Our family began naming our summers in 2002 when our daughter was navigating treatments for breast cancer. The first summer when she was doing chemotherapy became known as the “summer of self-sufficiency.” Her children, (ages 11, 9, and 3) needed to not rely so much on their mother and learn to do more for themselves. The second summer, when she underwent a bone marrow transplant became the “summer of sanitation.” Due to her fragile immune system, we all had to be vigilant about keeping surfaces and ourselves germ-free. No one could visit her if they had even, a simple cold.
Now that I know my recovery from a broken shoulder will take the entire summer, I’ve named the summer of 2015 my “summer of disability.” It’s not how I wanted to spend the summer but I’m working on being a grown-up about it. After all, the measure of a person’s character is how we behave when we don’t get what we want.

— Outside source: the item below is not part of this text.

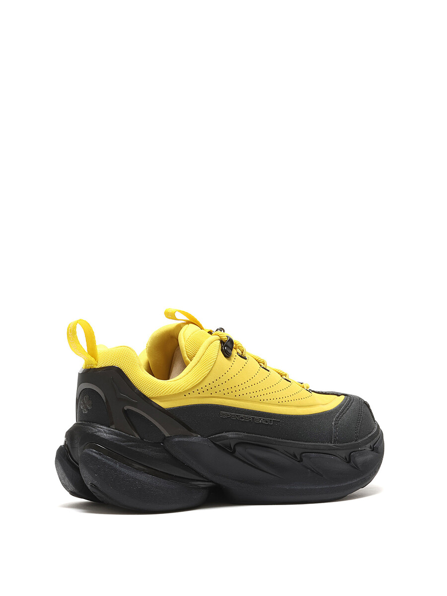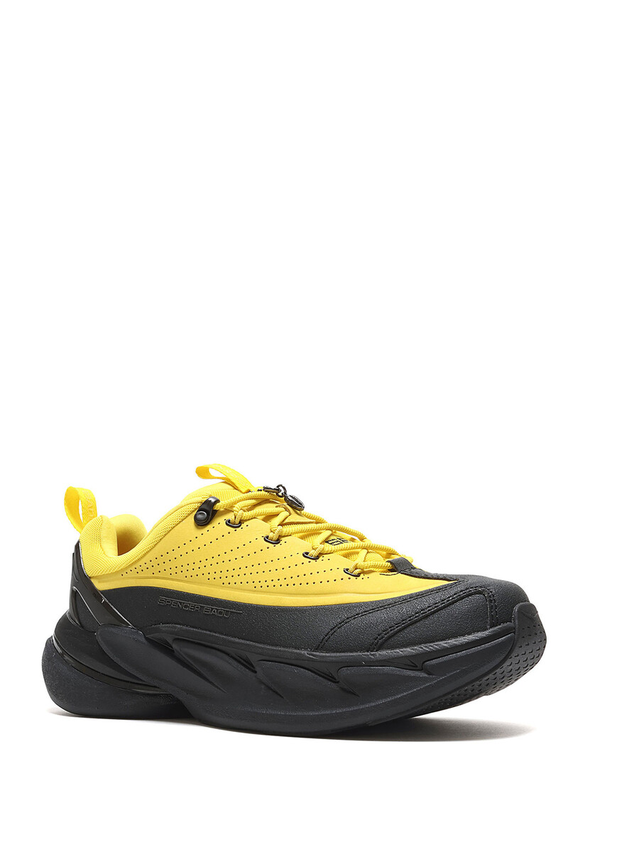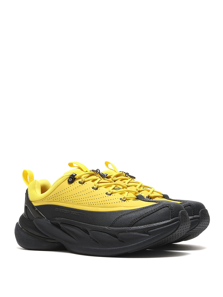 Low top sneakers with a synthetic upper in a bold yellow and black contrast design. Lace-up closure. Round toe style. Rubber sole.
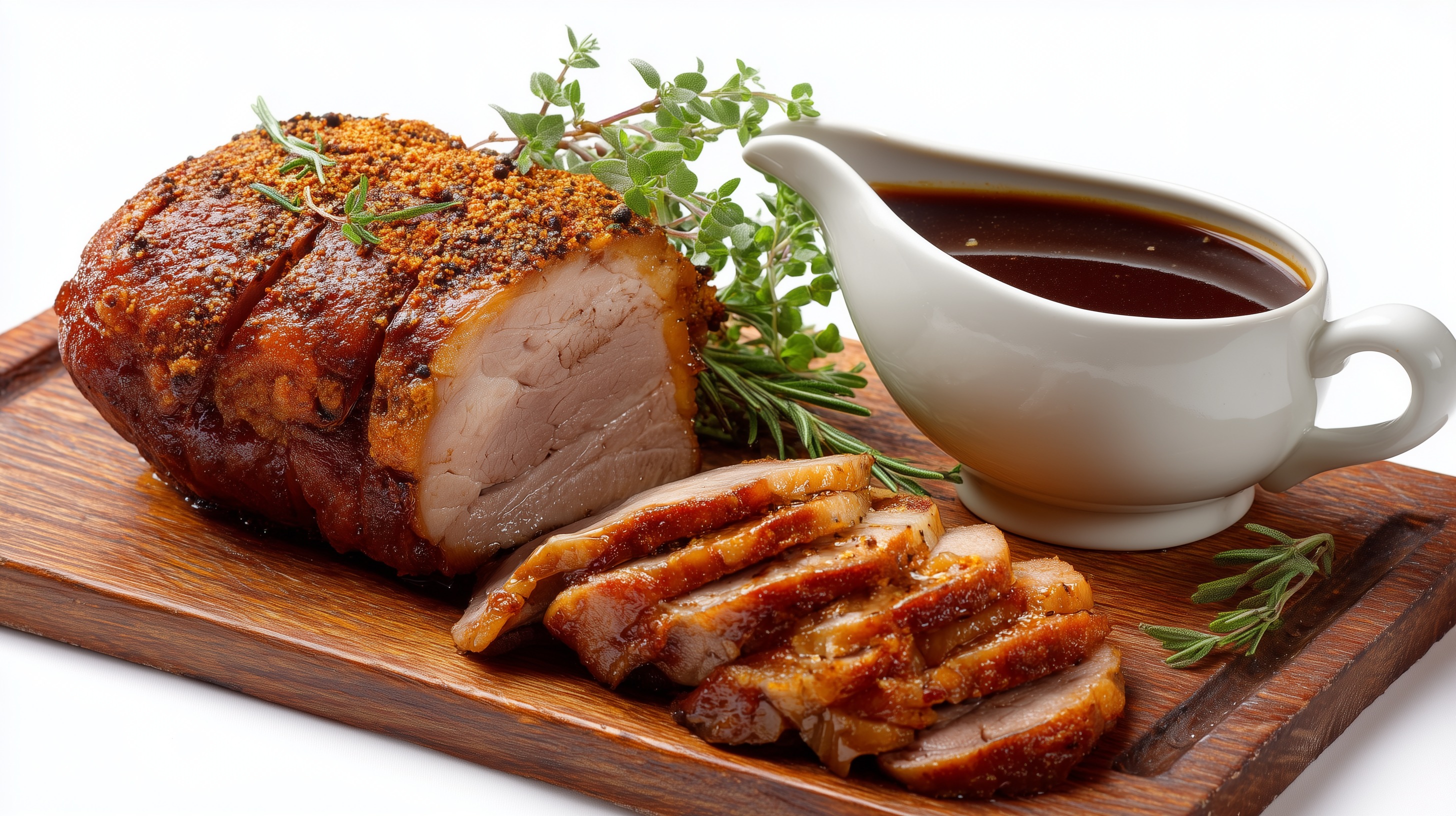 - Das Fleisch in dünne Scheiben aufschneiden, auf einem Holzbrett anrichten. Die Jus in einem weißen Saucier dazustellen. Mit frischen Rosmarin- und Thymianzweigen garnieren und sofort servieren.

I’m learning alternative ways of doing everyday tasks and novel approaches to getting around town. (Think: walking, rides from friends, limousines services, and now, Uber.) I’m also challenged as anyone with a handicap is, to look again at my abilities. What are things I can still do? And even better, what things need doing that, when I’m fully able-bodied, I don’t take the time to do? (Think: sort and give away unneeded clothing, organize photos, clean out office files, finish the article I’ve been working on.)
My daughter Corinne told me once that struggling with challenges to her health had caused her to realize she had been prideful about her state of fitness and good health. A student of the bible I think she was influenced by proverb 16:18, often shorten to “Pride goes before the fall.” I feel a sisterhood with her on that, but I don’t see it as automatically a fault. Maintaining ourselves in good health requires a great deal from us, as does rehabilitating our broken parts after an injury. We should take pride in these accomplishments while recognizing we may not be seeing the whole picture. Tough stuff can happen in spite of our best efforts.
Jim Collins in his book, How the Mighty Fall looks at institutional decline like a disease: harder to detect but easier to cure in the early stages; easier to detect but harder to cure in the later stages. http://www.jimcollins.com/books/how-the-mighty-fall.html My hope for myself is that, when I return to full-bodied functioning, (goddess willing) I will not take that precious gift for granted. The summers, winters, springs and falls I’ve spent accompanying my adult children and dearest friends through life threatening illnesses have taught me that life is precious, even when our bodies are functioning less than perfectly. And three quarters of a century of living has taught me that we do our best, but we are able-bodied and healthy until we are not.